Throughout O'Brien's oeuvre, female development in a foreign landscape is a consistent theme. Nearly all of her novels feature some form of transnational movement, in most cases involving Irish women who leave their homeland. In her first novel, Without My Cloak (1931), the illegitimate peasant Christina is banished to America by the powerful Consadine family after they discover her affair with their heir apparent. Fanny Delahunt in The Flower of May (1953) spends an idyllic summer in Italy with her Belgian friend Lucille; together they plan to study at the Sorbonne. O'Brien's last novel, As Music and Splendour (1958), follows two Irish women, Clare Harvey and Rose Lenahan, through [End Page 82] their operatic training and professional careers in France and Italy. In other novels, O'Brien inverts the tale so that Ireland itself becomes a foreign land: in The Last of Summer (1943), Helen Archer, who was born in England and raised in Belgium, spends thirteen years in Ireland as the reverend mother of a convent, and in The Land of Spices (1941), the half-Irish, half-French Angèle travels to Ireland to see the land of her father.

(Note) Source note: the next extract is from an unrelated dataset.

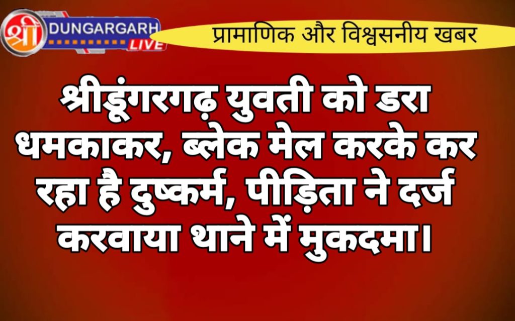 श्रीडूंगरगढ़ क्षेत्र में एक गांव में 21 वर्षीय युवती के साथ लगातार ब्लेक मेल डरा धमकाकर कर दुष्कर्म किया जा रहा था पीड़िता ने बताया की उसके साथ 2020 से लगातार आरोपी युवक दुष्कर्म कर रहा था । श्रीडूंगरगढ़ पुलिस थाने में आरोपी युवक मुकेश के खिलाफ मुकदमा दर्ज करवाया हैं जिसमें बताया कि युवक ने कई बार परिजनों के अनुपस्थिति में घर में प्रवेश करके डरा धमकाकर उसके साथ दुष्कर्म की वारदात को अंजाम दिया। वहीं वीडियो वायरल करने की धमकी देकर लगातार ब्लैकमेल भी कर रहा हैं और रूपए व घर से सोने चांदी के गहने भी मांग रहा है ऐसा नहीं करने पर मेरी व पिता की हत्या की भी धमकी देने लगा तो उसको गहने सुपर्द कर दिया । फिर से वह अपनी हरकतों से बाज नहीं आया और जबरन दुष्कर्म किया पुलिस ने पीड़िता की शिकायत पर पोक्सो एक्ट में मुकदमा दर्ज कर लिया है और मामले की जांच कार्यवाहक थाना अधिकारी सब इंस्पेक्टर धर्मपाल को सौंपी गई है। घटना के समय युवती नाबालिग थी इसलिए पोक्सो एक्ट की धाराएं जोड़ी गई है।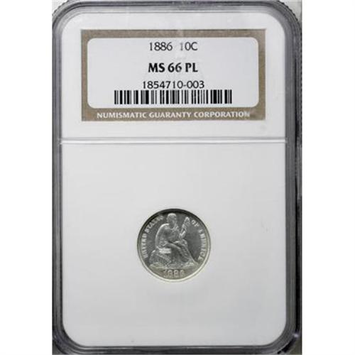 <B>1886 10C MS66 Prooflike NGC.</B></I> A lightly toned and noticeably reflective Premium Gem. A hint of gold patina near the date offsets the brilliance of the rest of the piece. This is the finest of only three Prooflike representatives certified by NGC (12/07).<BR><BR><B>Coin Engraver:</B> Christian Gobrecht<BR><BR><b>Shipping:</b> Coins & Currency (<a target="_blank" href="http://www.heritageauctions.com/common/shipping.php">view shipping information</a>)

Even in these brief descriptions, a pattern emerges in O'Brien's fiction: each protagonist searches for meaning and independence separate from marriage and family. This process leads O'Brien's heroines to become especially invested in their friendships with other women; as Aibhe Smyth points out, "for Kate O'Brien, women are the 'primary presence' (in Adrienne Rich's phrase) and women's relationships to and with one another are what significantly shape her fiction."2 While female relationships form a central part of O'Brien's work, but the critical discussion of these relationships has often overlooked how they are shaped by ethnicity and geography. It is common, for instance, to discuss Clare Harvey's attachment to her lover Luisa in As Music and Splendour, but explorations of how the characters' nationalities—Clare is Irish, Luisa Spanish—and of how the novel's setting in Italy affect this attachment are rare. O'Brien's characters frequently meet other women from different cultural backgrounds who are separated by sexuality, ethnicity, economic status, and other components of identity. Their interactions with these women nearly always produce some radical change within the protagonists.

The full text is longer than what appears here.